O carro de um policial militar suspeito de matar a ex-namorada tinha sido impecavelmente lavado depois do crime. Ou quase impecavelmente. Em um pente-fino, uma equipe de especialistas em análise do solo encontrou um microvestígio de terra na parte interior do paralamas e outro perto do retrovisor.
Juntos, pesavam cerca de 0,5 grama, e foi com esse torrãozinho, que mal dava para ser visto a olho nu, que a equipe conseguiu comprovar que o veículo havia passado pelo local onde o corpo tinha sido encontrado. E isso foi fundamental para a condenação do PM por feminicídio.

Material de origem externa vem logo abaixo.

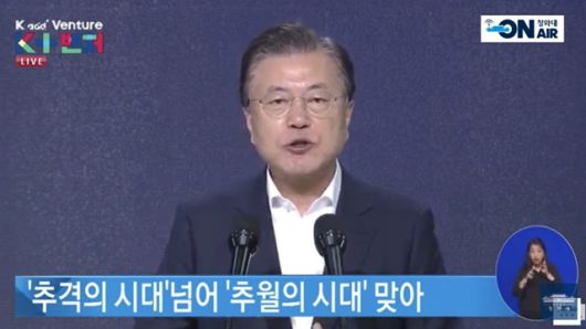 문 대통령은 또 "대한민국은 이제 '추격의 시대'를 넘어 '추월의 시대'를 맞고 있다. 4차 산업혁명과 포스트 코로나 시대를 주도하며, '추격형 경제'에서 '선도형 경제'로 나아가고 있다"라며 "그 중심에 벤처기업인들이 있다. 20년 전, 1세대 벤처기업인들이 IT 강국으로 가는 디딤돌을 놓았고, 이제는 2세대 후배들이 우리 경제의 새로운 도전을 이끌고 있다"고 말했다.

A história com cara de "CSI", a famosa série de TV sobre investigação de crimes, está no currículo da doutora em ciência do solo Samara Alves Testoni, 38, que começou neste ano a ministrar uma disciplina de graduação pioneira no país sobre essa técnica. A matéria se chama Pedologia Forense, ou seja, a ciência que estuda o solo aplicada a investigações no âmbito judicial.
É oferecida a estudantes de engenharia agronômica e de ciências biológicas da Unesp, no campus de Jaboticabal (interior de São Paulo).
Posteriormente, Samara pretende abrir para outros cursos, e explica que peritos podem ter diferentes formações, como direito, informática, agronomia, geologia, química ou medicina, e utilizam esse conhecimento diverso nas investigações.